Николя и Мишель, однако, помня ревельские и гданьские тумаки, а особливо идущую по пятам карету, старались держаться с солидностью дипломатов. Они уже успели побывать в Au tres galant на Севрской улице и обзавелись там новым платьем и разными аксессуарами высокой моды, сиречь серебряными табакерочками, лорнетками, маленькими брызгалками, что, будучи направлены в ротовую полость, придавали ей, полости, свежесть лимонной рощи, а главное, мужскими муфтами, внутри коих было немало кармашков еще неясной надобности.
Эти муфты давно не давали жить в Петербурге гвардейцу Лескову; порой, можно сказать, сжигали все внутренности. Известно было всем в корпусе, что сей подопечный графа Афсиомского унош был заядлым «петиметром», то есть модником. С жадностью он следил за всеми отражениями моды, вплоть до такой даже малости, как рисуночки в журналах или парсуны, писанные маслом. Будучи еще кадетом, старался Коленька прогуливаться в окрестностях иностранных посольств, французского, аглицкого или сиамского, чтобы подсмотреть, какие банты нынче носит младая поросль хитроумных обманщиков.

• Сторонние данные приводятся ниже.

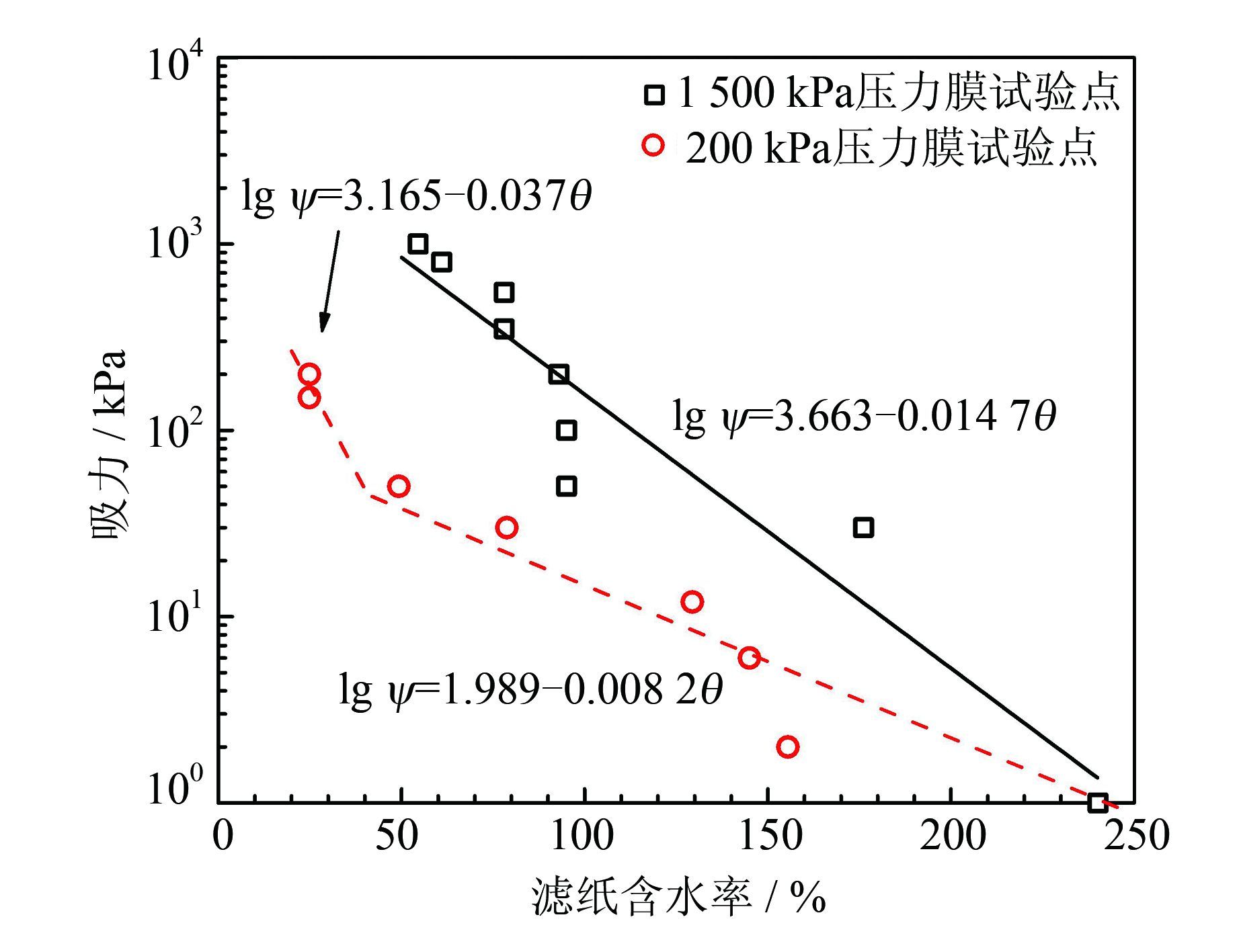1.2 滤纸吸力率定曲线确定滤纸法测定吸力的关键之处在于吸力率定曲线的准确性,吸力率定曲线表征的是滤纸在封闭空间达到平衡状态时其含水率与周围吸力的关系.通常采用压力板法、盐溶液法、土样法、离心机法等当中的一种或几种结合使用.其基本原理是让滤纸在不同已知吸力的环境中平衡,然后测定滤纸的含水率,从而获得吸力与含水率之间的关系曲线.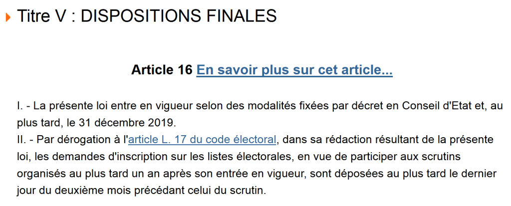 Une lecture un peu rapide de l’article L.17 modifié du code électoral nous donnerait à penser que nous avons jusqu’au vendredi 12 avril 2019 pour nous inscrire sur les listes électorales en vue de participer au scrutin des élections européennes.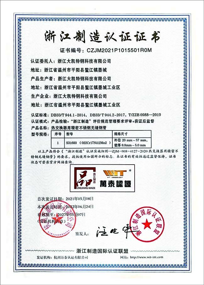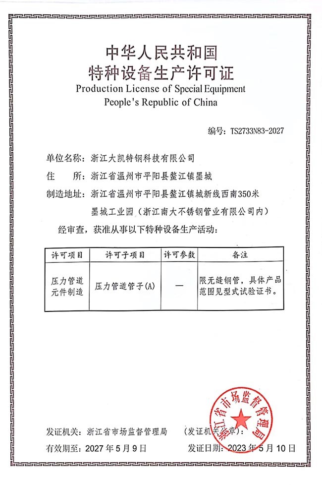 Zhejiang Dakai Stainless Steel Co., Ltd
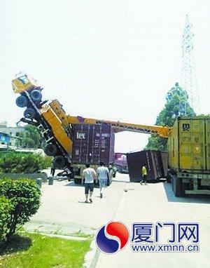 吊车失去平衡车头翘起无法动弹 疑操作不当(图)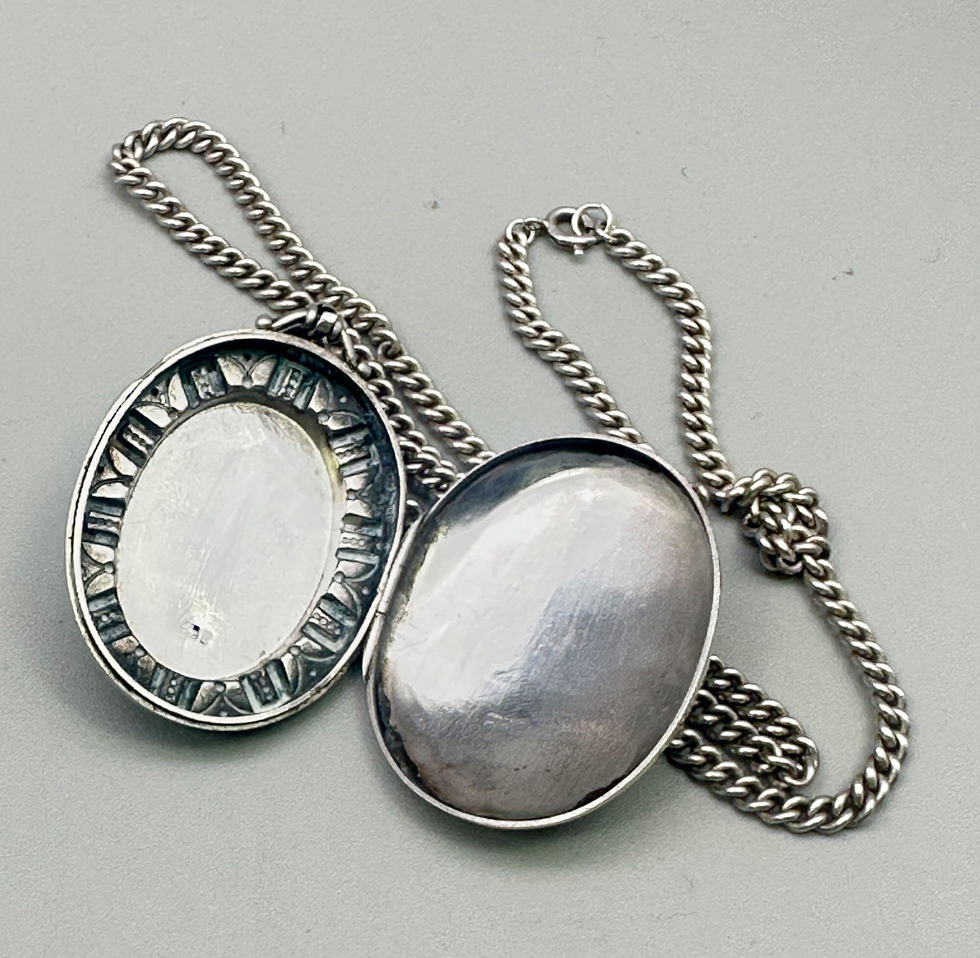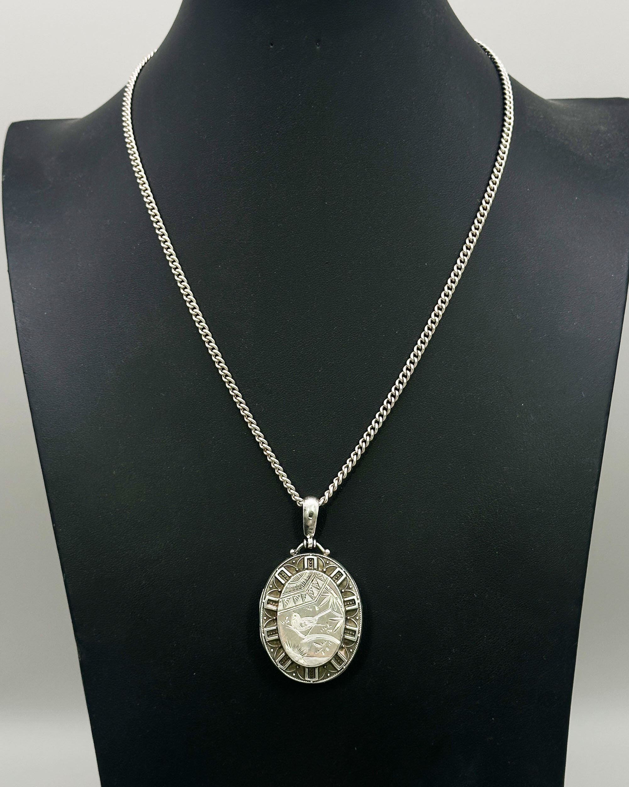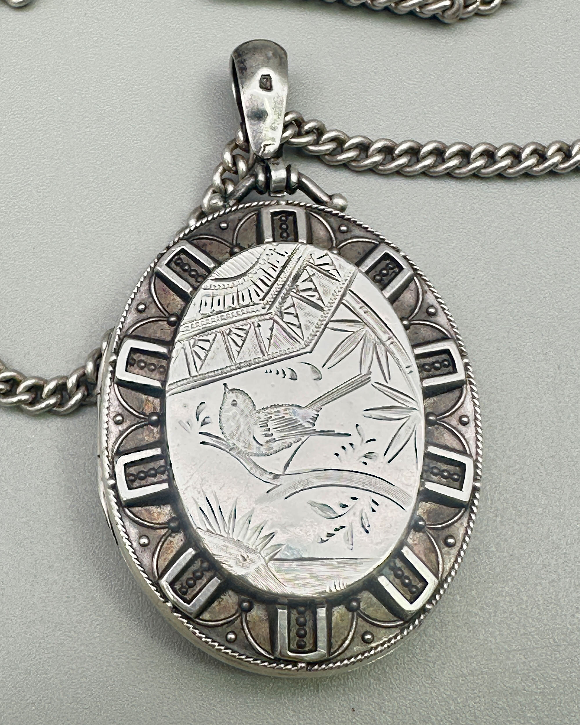This is an amazing locket that is a perfect example of the Aesthetic Movement in Britian. This was aligned with Arts and Crafts but the Aesthetic designs featured classical and Japanese designs that were considered more opulent and elegant than the over the top designs of the Victorian period. It was a response to the mass consumerism that was taking over Britian during this time. This locket is marked with full English marks. It is paired with a belcher chain of a similar age.| Size: | Locket is 44 x 32.5 mm without the bale, Necklace is 50 gm long |

С резвостью ума Николай подмечал разные изъяны моды и никогда их не прощал иным замшелым лицам санкт-петербургского дворянства, невзирая даже на высокое титло. Иной раз, собрав все волевые отваги, коими смогла все ш таки наградить скудная рязанская отчина, он заходил туда, где ему было не по чину: к парижскому портному, где стоимость полного прикида (от слова «прикидательственность») превышала закладную родового поместья, или в бритскую щепетильную лавку, где невозмутимость лиц равна была возмутительнейшей недоступности товара.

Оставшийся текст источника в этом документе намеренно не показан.